Simon Urbanek, Colloquium Speaker

Member of the Statistics Research Department at AT&T Labs
Ph.D. Statistics, University of Augsburg, Germany
Date: 
Thursday, October 9, 2014 - 3:00pm
Colloquium Title: 
RCloud and iotools - tools for collaboration and distributed computing using R
Location: 
Reception at 3:00 p.m. in 241 SH / Talk at 3:30 in 61 SH

The rising interest in Big Data analytics has lead to at least two fundamental challenges: the most often addressed one is the ability to perform the necessary computing operation in reasonable time. However, the second often neglected one is the ability to leverage existing work and collaborate on complex solutions. This this talk we will present tools to address both issues on the basis of the R computing environment.

RCloud is a web-based, distributed, collaborative analytics environment which enables the sharing of work in social-network like fashion, facilitates reproducibility, discovery and collaboration. It allows easy re-use of code, incorporates visualization tools and a path to deployment.

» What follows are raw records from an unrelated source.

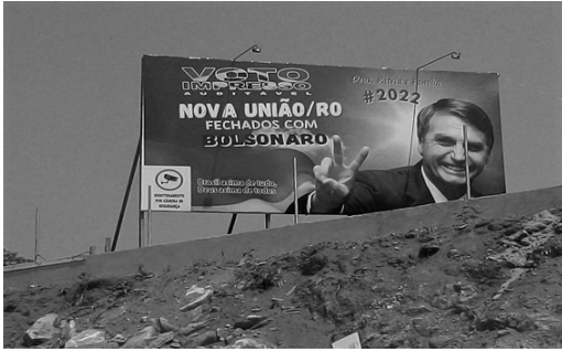
Imagen 1. Cartel publicitario bolsonarista en el municipio de Nova União, situado en el interior de Rondônia, en la Amazonía occidental.

El bolsonarismo es un modelo contemporáneo de fascismo (y debe de ser combatido como tal) porque está subordinado, voluntariamente, al imperialismo ecológico global y tiene una técnica racional y oportunista que moviliza irracionalidades; de tal manera, hace culto y naturaliza la muerte, el racismo, la homofobia y la misoginia, a la vez que enaltece una pureza moral (y falsa) y sale en búsqueda de un enemigo común.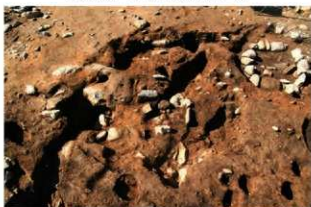
SI138(旧) 完掘状況(東から)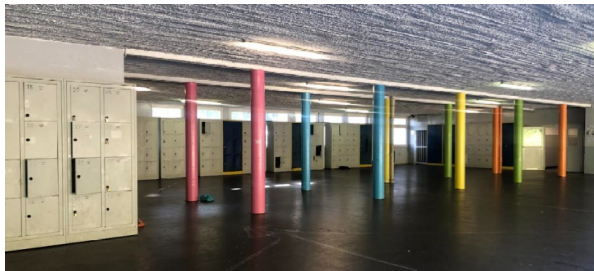
Le préau, avec les casiers

Pour conclure, la vie de 6ème est très bien à Bel Air !!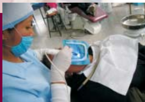
Práctica Clínica en Odontología

Se realizó una modificación de espacios físicos en el laboratorio de técnicas culinarias. También se adecuaron y habilitaron las áreas de fotocopiado y prefectura, y se adecuó un espacio físico en el edificio 47.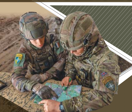
◆「大膽之龍」的關鍵，就是讓英法與丹麥的指參人員，快速適應彼此習慣，有效整合成一體。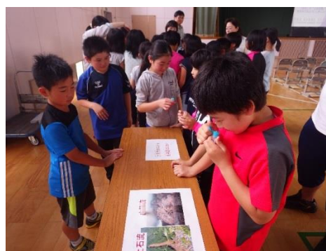
土石流・火砕流の二オイをかぐ児童たち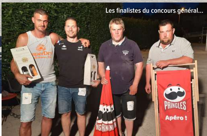
Les finalistes du concours général...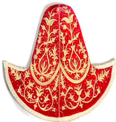
Рис 4. Головной убор мужской мұрақ . Из коллекции Российского этнографического музея (далее – РЭМ). Инв. № 8762-23540.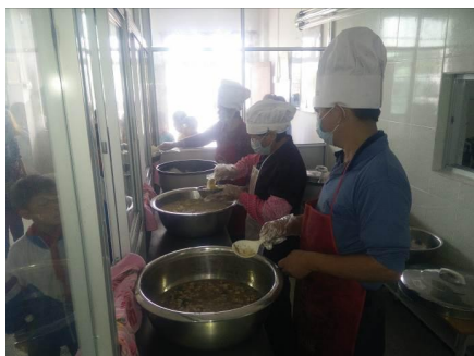
图 4 厨工正规着装工作图

To allow the use of RCloud over large clusters, we have also developed iotools - an R package that provides highly-efficient ways for loading and parsing data into R and running map-reduce jobs over Hadoop clusters in much faster ways than most existing approaches. It also provides an additional in-memory distributed computing model allowing for complex algorithms that do not fit into the map/reduce framework to be run over stock Hadoop infrastructure. It can be also used for local batchwise processing when needed.

In this talk we will discuss both open-source projects RCloud and iotools with applications on real data and a real Hadoop cluster, ranging from visualization to high-throughput computing using R.